Early Linvoseltamab Use Prevents Myeloma Progression: Paula Rodríguez-Otero, MD, PhD

At the 22nd International Myeloma Society annual meeting today, Paula Rodríguez-Otero, MD, PhD, presented late-breaking data from the phase 2 LINKER-SMM1 trial (NCT05955508), which is currently investigating the safety and efficacy of linvoseltamab in patients with high-risk smoldering multiple myeloma. The research from her and her team, “Safety and Efficacy of Linvoseltamab (LINVO) in Patients (Pts) With High-Risk Smoldering Multiple Myeloma (HR-SMM): First Results From the Phase 2 LINKER-SMM1 Trial,” shows promising results: a 100% overall response rate, 74% achieving a very good partial response or better after 1 treatment cycle, and 37% reaching a complete response or better.

Rodríguez-Otero is medical coordinator of the Central Unit for Clinical Trials; associate clinical professor, preclinical and hematology seminars; and deputy director of the expert degree in immuno-oncology, School of Medicine, Cancer Center Clínica Universidad de Navarra (University of Navarra) in Pamplona, Spain.

This transcript has been lightly edited for clarity; captions were auto-generated.

Transcript

Can you give us a brief background on the LINKER-SMM1 trial: patient population, outcomes of interest, and results you would like to highlight?

The LINKER-SMM1 trial is a phase 2 study that is aiming to evaluate the efficacy and safety of linvoseltamab, which is a BCMA bispecific antibody, in patients with high-risk smoldering multiple myeloma. Linvoseltamab is already a well-known drug; it is a bispecific antibody targeting BCMA that has been approved in the setting of triple class–exposed relapsed/refractory multiple myeloma, inducing a high overall response rate and deep, durable responses.

The pivotal study that led to the approval of linvoseltamab is called the LINKER-MM1 study.

In this trial, we aim to show that in the setting of high-risk smoldering multiple myeloma, early intervention with this drug could potentially significantly delay or prevent the progression to active disease. In this study, we aim to enroll 40 patients with smoldering multiple myeloma diagnosed within 5 years of study entry and meeting high-risk features either by Mayo 2018 "20-2-20" criteria or PETHEMA criteria [Programa de Estudio y Tratamiento de las Hemopatias Malignas].

The study has 2 parts. In part 1, there is a safety run-in phase that enrolled 6 patients. The primary end point of this phase is to evaluate the safety of the treatment. Then there is an expansion phase that will enroll 34 patients. The primary end point of this part 2 expansion phase is complete response rate and MRD [minimal residual disease] activity at 1 year and 2 years. Linvoseltamab is given using a step-up dosing phase with lower doses compared to the approved schedule. One mg on week 1, 4 mg on week 2, then 25 mg on week 3, followed by the recommended dose of linvoseltamab, which is 200 mg every month. Patients will receive 2 years of treatment, then the treatment will be stopped and the patient will start a post-treatment follow-up phase.

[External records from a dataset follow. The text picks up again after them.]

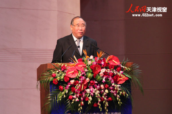國家發改委副主任解振華在第二屆中國(天津濱海)國際生態城市論壇主論壇上做主旨演講(攝影:馮曉龍)
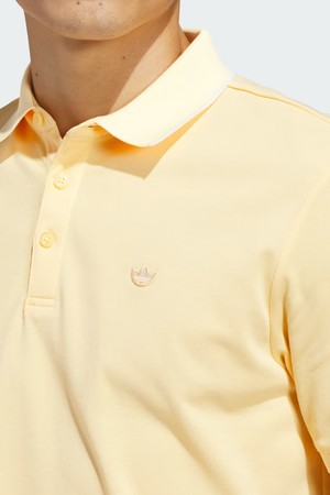 폴로 칼라에 트레포일 패치로 아이코닉한 무드.
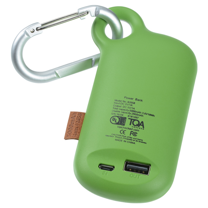 - This UL Listed® powerbank features a battery capacity of 5000 mAh with an output capacity of 2950 mAh.

So far, 24 patients have been enrolled and treated, all of them meeting the criteria of high-risk smoldering multiple myeloma. Eleven patients using the Mayo criteria and 6 patients using the PETHEMA criteria.

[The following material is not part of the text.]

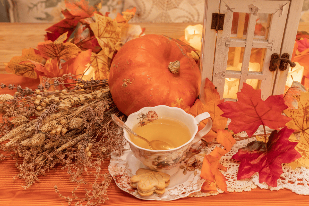 Au cœur de Pumpkin Valley, le soleil nimbe les champs de citrouilles d’une lueur mordorée, le vent murmure aux érables tandis que le vieux rocking-chair vous berce sous le porche. Entre vos mains, une tasse de thé noir qui n’est pas sans vous rappeler le crumble citrouille, pomme, et sirop d’érable de votre enfance. Le temps ralentit et l’automne se fait doux comme un rêve éveillé.

The treatment is still ongoing.

Regarding the safety profile, in general, we see a much more favorable safety profile in this population of smoldering multiple myeloma as compared to the population of triple-class–exposed relapsed/refractory. Regarding hematological toxicity, we do see some degree of neutropenia. Forty-six percent of the patients will develop any-grade neutropenia, but only 25% grade 3 or 4, [with] a limited incidence of cytokine release syndrome, 42% of the patients, but all of the events were grade 1 except for one single grade 2 event. We haven't seen any ICANS [immune effector cell–associated neurotoxicity syndrome] events as yet. We also see a significantly lower incidence of severe infections; only 12% of the patients had a grade 3 infection, so no grade 4 events and no discontinuations related to adverse events. Immunoglobulin replacement was given consistently to 95% of the patients in the study.

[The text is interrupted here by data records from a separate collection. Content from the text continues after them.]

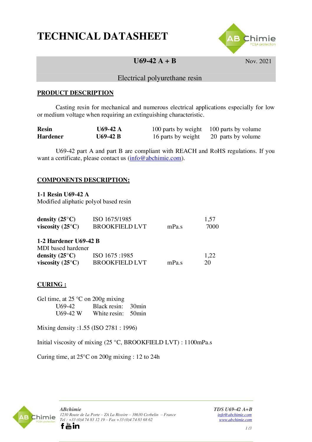 November 10, 2025 Brooklyn U69 42 (A+B) Electrical polyurethane resin Download Categories: Epoxy and PU Resins TDS Tags: English
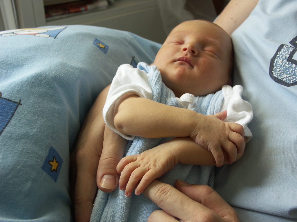 Philipp hat fast den ganzen Tag verschlafen. Nur zum Stillen schulg er kurz die Augen auf, nahm ein paar kräftige Züge aus der „Pulle“ und schlief wieder ein.
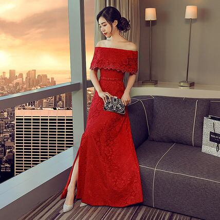 赤 ロングパーティードレス マキシ タイト 結婚式 二次会 演奏会
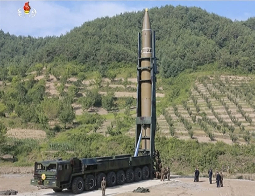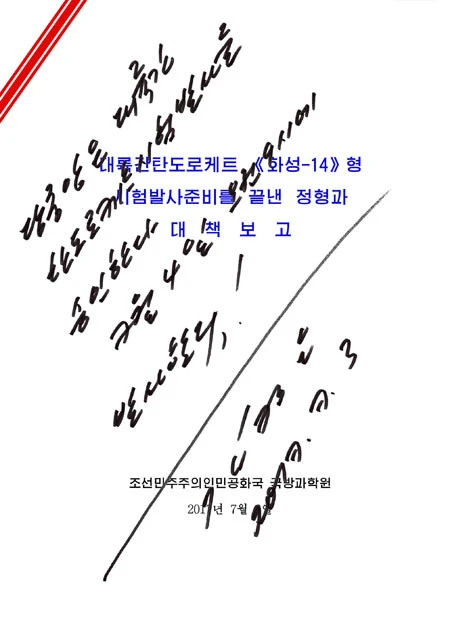 Bức ảnh được KCNA chụp hôm 3-7 và công bố hôm 4-7 cho thấy nhà lãnh đạo Triều Tiên Kim Jong-un ký lệnh tiến hành phóng tên lửa Hwasong-14 được cho là tên lửa đạn đạo liên lục địa tại một địa điểm bí mật.

Regarding the efficacy, we do see a higher overall response rate. Indeed, all evaluable patients for response, which is 19 out of 24, achieved an objective response, and we do see responses deepening over time. For example, in the safety run-in phase, which is the cohort with the longest follow-up, the complete response rate is 83%. Overall, we do see a safety profile, which is more favorable than the safety profile observed in relapsed/refractory myeloma, and a high overall response rate, with these responses deepening over time.

We believe that this ongoing study will provide evidence that may support the use of linvoseltamab in this high-risk smoldering population in order to either delay or even prevent the progression to active disease.